The public upsurge of the 1870s in Russia, associated with the attempts of the populists to find a revolutionary way out of the crisis, the writer met with interest, became close to the leaders of the movement, and provided financial assistance in the publication of the collection "Forward". reawakened his longstanding interest in folk theme, returned to the "Notes of a Hunter", supplementing them with new essays, wrote the novels "Punin and Baburin" (1874), "Hours" (1875), etc.

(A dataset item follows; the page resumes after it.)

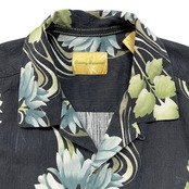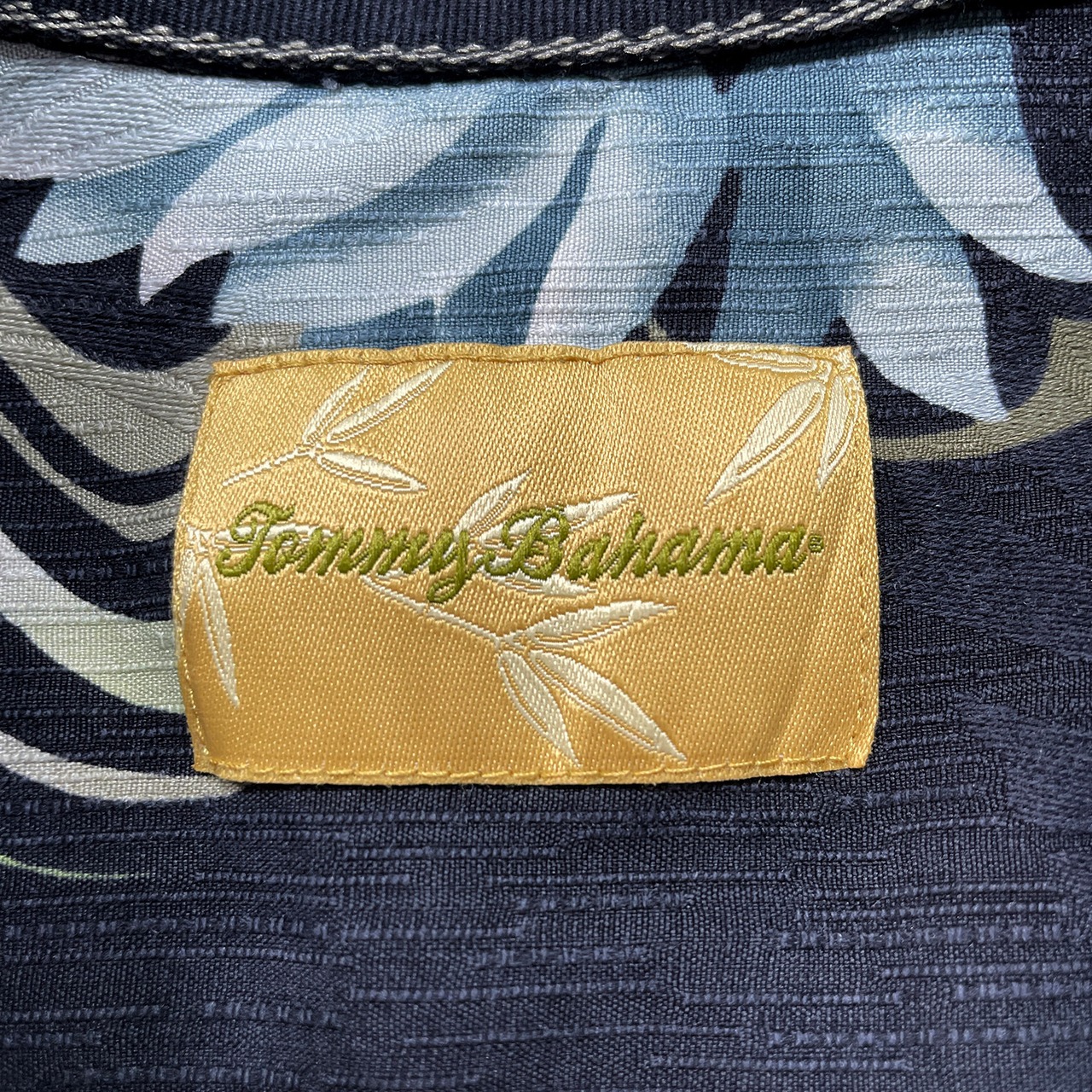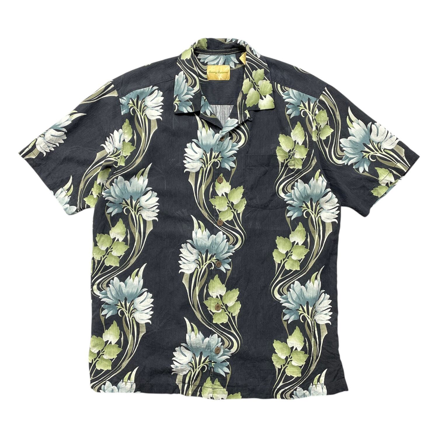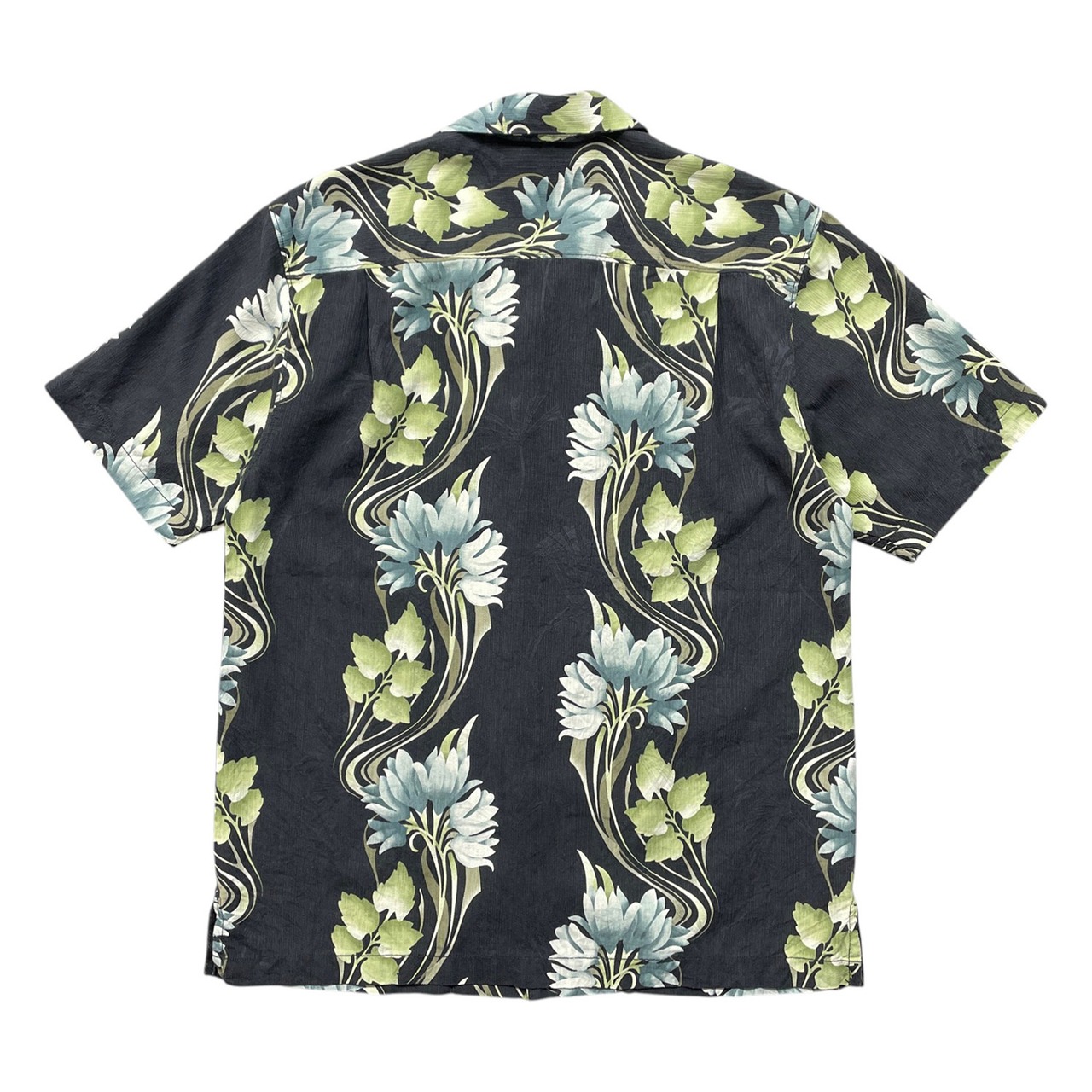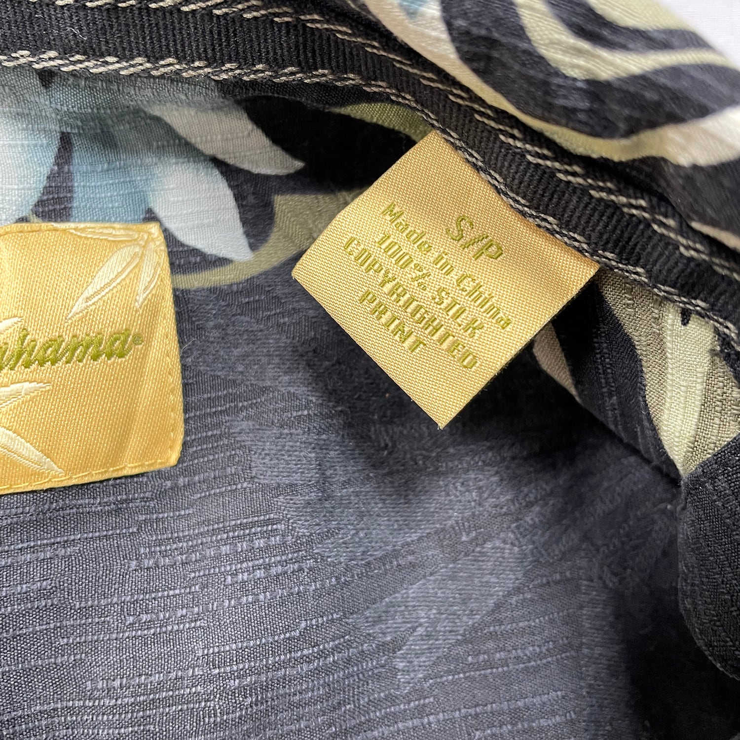 USA 古着 TOMMY BAHAMA トミーバハマ シルク 開襟 アロハシャツ ハワイアンシャツ 柄合わせ 花柄 ボタニカル柄 メンズS ブラック BF3989

A social revival began among the student youth, among the general strata of society. Turgenev's popularity, once shaken by his break with Sovremennik, has now recovered again and is growing rapidly. In February 1879, when he arrived in Russia, he was honored on literary evenings and gala dinners, strenuously inviting them to stay at home. Turgenev was even inclined to stop his voluntary exile, but this intention was not carried out. In the spring of 1882, the first signs of a serious illness appeared, which deprived the writer of the opportunity to move (cancer of the spine).

On August 22 (September 3, n.s.), 1883, Turgenev died in Bougival. According to the writer's will, his body was transported to Russia and buried in St. Petersburg.